The women stripped my bodice away and did their magic. Literally. They never told me exactly what they did, no matter how I asked, but after three hours or so I was suddenly aware again. I cannot say exactly where I was for those three hours; all I remember is feeling fuzzy, like my entire body had fallen asleep, blind and deaf. I hurt when awareness returned. Not just my chest, but my head, and especially my eyes and ears. It was as though three hours without even the minutest sound was too much. The buzz of a fly across the room was too loud, though this pain subsided after a few hours. The pain in my chest took longer to fade away, which turned out to be a good thing. Instead of being labeled a demon returned from the dead, I was congratulated on my good fortune that the dagger didn’t sever anything major and cause my death. The villagers stopped laughing at the way my husband possessed me, and proclaimed that I was a miracle, blessed by the angels.

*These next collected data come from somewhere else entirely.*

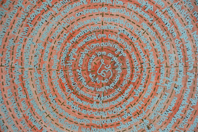 I’ve recently learned about Shri Chinmaya Ashtottara Shata Namavali, a hymn of 108 names in praise of Swami Chinmayananda. While reflecting on the meaning of the hymn, I found myself painting a mandala with the 108 glories.
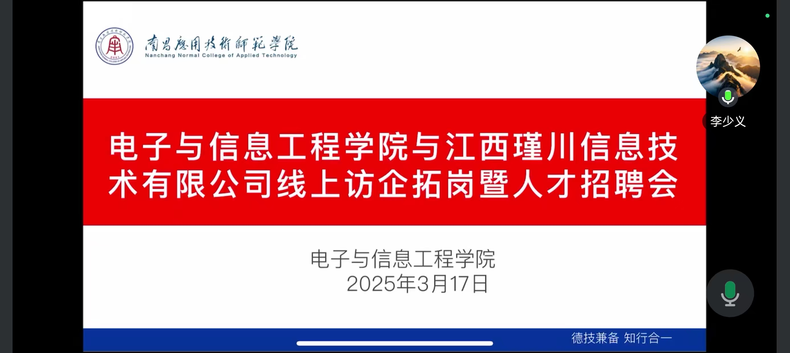 为大力推动学院2025届毕业生就业工作,进一步加强校企合作,拓宽就业渠道,今年会jinnianhuicom于3月17日与江西瑾川信息技术有限公司成功开展线上访企拓岗促就业活动,校长助理李少义出席会议。
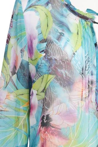 | Details | Chiffon, Dreiviertelarm, V-Ausschnitt, verschlusslos, Floral |
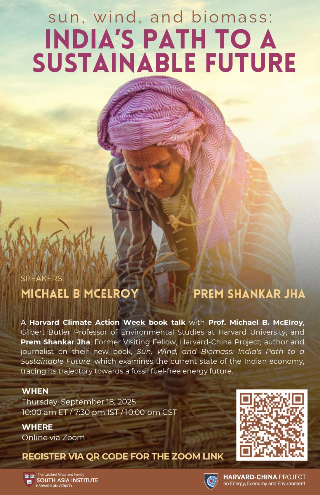 Join Prof. Michael B. McElroy and journalist Prem Shankar Jha as they discuss their new book, Sun, Wind, and Biomass: India’s Path to a Sustainable Future. The book examines the current state of the Indian economy, tracing its trajectory towards a fossil fuel-free energy future. It posits that harnessing sun, wind, and biomass can provide a sustainable economic alternative to polluting energy sources such as domestic coal and expensive oil and gas imports. Such a transition is projected to provide substantial benefits not only for the national economy but also for public health, the latter occasioned by the anticipated improvements in air quality resulting from the projected change in the energy system. Contrary to the concerns about the negative implications for economic development, the authors suggest that the transition to a carbon-free future offers a range of beneficial opportunities, especially for the youth in impoverished rural environments. Thus, they situate India’s transition away from fossil fuels within the context of planet Earth’s history, underscoring the abruptness of humanity’s encounter with the reality of a potentially devastating and relatively immediate change in global climate.

The trio, though, knew the truth and shared it with me. I had died and they brought me back. It was the first time they’d tried such a spell and they didn’t know what the effects would be. What they did know was that I was bound to this Earth until I found love. But I was young and married. I knew that I had already met the requirement demanded by the spell that saved me. We actually shared a laugh at my good fortune, since I could easily have been destined to be an old maid. If the trio’s laugh sounded hallow, I didn’t notice, but I did strive to love my husband more. So what if he wouldn’t admit to crying over my lifeless body? He was a warrior. Warriors do not show emotion publically, and the best warriors do not show emotion privately.

At first I welcomed the comments on my youthful appearance, and ignored the implications that they foretold. It wasn’t until Alan was on his deathbed that I finally admitted to myself that my body was no longer aging. He’d collapsed while riding around the estate, checking on its progress. When he was brought into our bedchamber he was delirious and no longer recognized those who’d been with him for over fifteen years. But he recognized me immediately as I settled onto the bed beside him, confirming my worst fears. He admitted a number of secrets which I suspect he wished to die with him and which I will not repeat out of respect to a dying man. It did nothing to change my opinion of him and still does not. The fact that he opened up in such a way suggested that he did not believe me to really be there with him, thus proving that I did not in any way resemble a woman of thirty-eight years. He died the next day leaving me heartbroken and confused. The last of the trio had passed away two years before and I still had no children to care for me.

I turned to the man who literally held my fate in his hands, Alan’s brother, also named Alan. We’d never been close, but after my Alan’s funeral, I confided in him about my fears for the future. He asked me to marry him and I accepted, wondering how I could tell him about my ageless status. He proved to be a better man than my first Alan, at least when it came to caring for me. He admitted to lusting after me for years, but he was discreet enough to hide these feelings while Alan was alive. He also proved to be more attentive in bed, though still not to the caliber of some of my later lovers. But his most valuable asset was that he recognized my problem without my ever having to tell him. After three years of marriage and no sign that I had restarted aging, he helped me forge my death and prepare for my new life on the road.